Question

Some process are given below. What happens to the process if it subjected to a change given in the brackets?
(a) Ice $\rightleftharpoons$ water (pressure is increased)
(b) Dissolution of NaOH in water (Temperature is increased)
(c) $N_2\left(g\right)+O_2\left(g\right)\rightleftharpoons 2NO\left(g\right),\Delta H=-180.7kJ{}^{-1}$
(Pressure is increased and Temperature is decreased)

Answer 1

a) $Ice\rightleftharpoons water$

If we increase pressure, equilibrium will be shifted in the direction of less volume, hence with rise of pressure. Therefore more ice will melt into water.

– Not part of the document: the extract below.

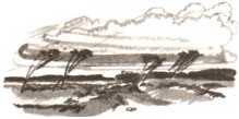 Будто невзначай, посыпался снег с высокой пихты. Это ветер пробрался в чащу. По тому, как он подхватывал снежную пудру и закручивал вихрем, было ясно: начиналась метель. Я заторопился из леса. С деревьев повалились пласты снега. Ели взмахнули зелёными лапами, как руками, и, чудилось, заголосили: «Ах, батюшки, как зимовать будем!..» Мне оставалось пройти небольшое поле. Но когда я вышел на опушку, то невольно остановился. Ветер с воем вырывался на простор. Подхватывая семена с высоких лип, он нёс их над полем.

b) $NaOH\rightleftharpoons {Na}^{+}+{OH}^{(-)}$

The reaction has a positive change of entropy $(\Delta S>0)$. Hence from the equation $\Delta G=\Delta H-T\Delta S$. So Gibss free energy will decrease with increase of the temperature. As result, the solubility of $NaOH$ increases with increase in temperature.

c) $N_2\left(g\right)+O_2\left(g\right)\rightleftharpoons 2NO\left(g\right),\Delta H=-180.7KJ/mol$

Since, ${\Delta n}_g=0$, increase in pressure does not effect the shift in equilibrium. Again it is exothermic reaction decrease in temperature will shift the equilibrium towards right.